In January 1876 he returned to Scotland having served in the army for twenty years at that point.  Upon his arrival in Ayr, Colour-Sergeant Hughes was appointed as an instructor, under the command of Colonel McBain.  He later served as an instructor in Paisley and Largs.

On 25th August 1881 he attended the Edinburgh Review with the Largs Company of the Royal Scots Fusiliers, when Queen Victoria inspected 40,000 Scottish Volunteers at Holyrood Park on a day that became known as the “Wet Review” due to the inclement weather.

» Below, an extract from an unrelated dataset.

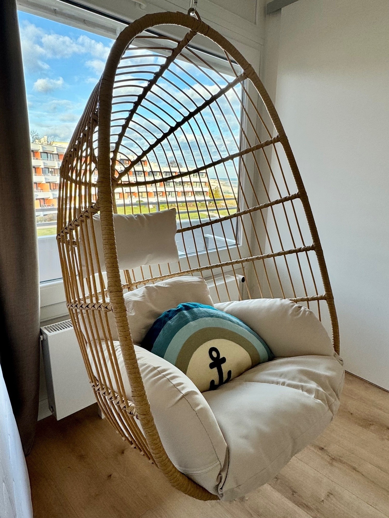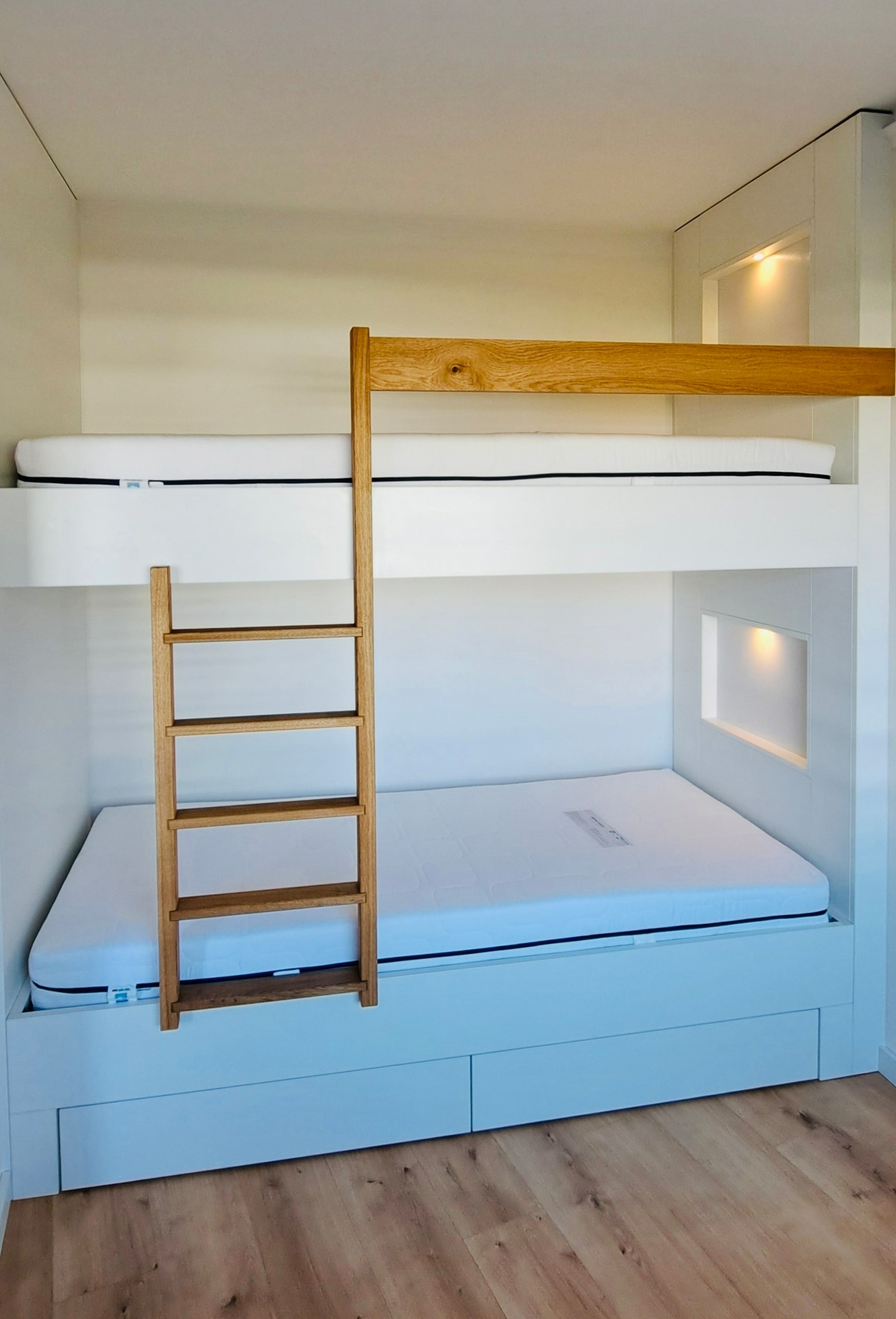 Das zweite Schlafzimmer verfügt über ein Doppelstockbett mit zwei 90x200cm großen Matratzen. Es ist mit einem Hängekorbsessel ausgestattet, von dem man den Seeblick genießen kann. Auch dieses Zimmer ist durch eine Schiebetür vom Wohnbereich getrennt.

Colour-Sergeant Hughes retired from the Royal Scots Fusiliers on 14th February 1894 with thirty-eight years’ service.  During the Second Boer War (1899-1902) he was recalled and served for a further two years.

When the United Kingdom entered World War One on 4th August 1914, Lord Kitchener appointed Colour-Sergeant Thomas Hughes, then aged 75, as recruiting officer for the Ardrossan and Saltcoats area, a post he served for two years.

When the Ardrossan Branch of the British Legion was formed on Thursday 3rd April 1924 at Castlecraigs, Ardrossan, Colour-Sergeant Thomas Hughes then aged 85, was the oldest member there and the first person to receive the new British Legion badge.

Thomas Hughes married Mary Anne Farrington, daughter of John Farrington, at St. Nicholas of Myra Roman Catholic Church, Dublin on 10th September 1865.  They had eight children: Sarah born 1866 Abbey, Paisley; John Patrick born 1868 Enniskillen, County Fermanagh, Ireland; Catherine, born 1871 Bangalore, Madras, India; Thomas Joseph, born 1872 Bangalore, Madras, India; James, born 1877 Lochwinnoch; Peter, born 1879 Lochwinnoch; Joseph Angelo, born 1881, 5 Crawford Street, Largs and Charles born 1883 Largs.

Thomas died 21 May 1928, 11.50am at 62 Glasgow Street, Ardrossan, aged 89, and was buried with his wife Mary Anne in Ardrossan Cemetery, Section South B, Lair 183a/b. During his long service of 42 years Colour-Sergeant Thomas Hughes served under three British Sovereigns – Queen Victoria, King Edward VII and King George V.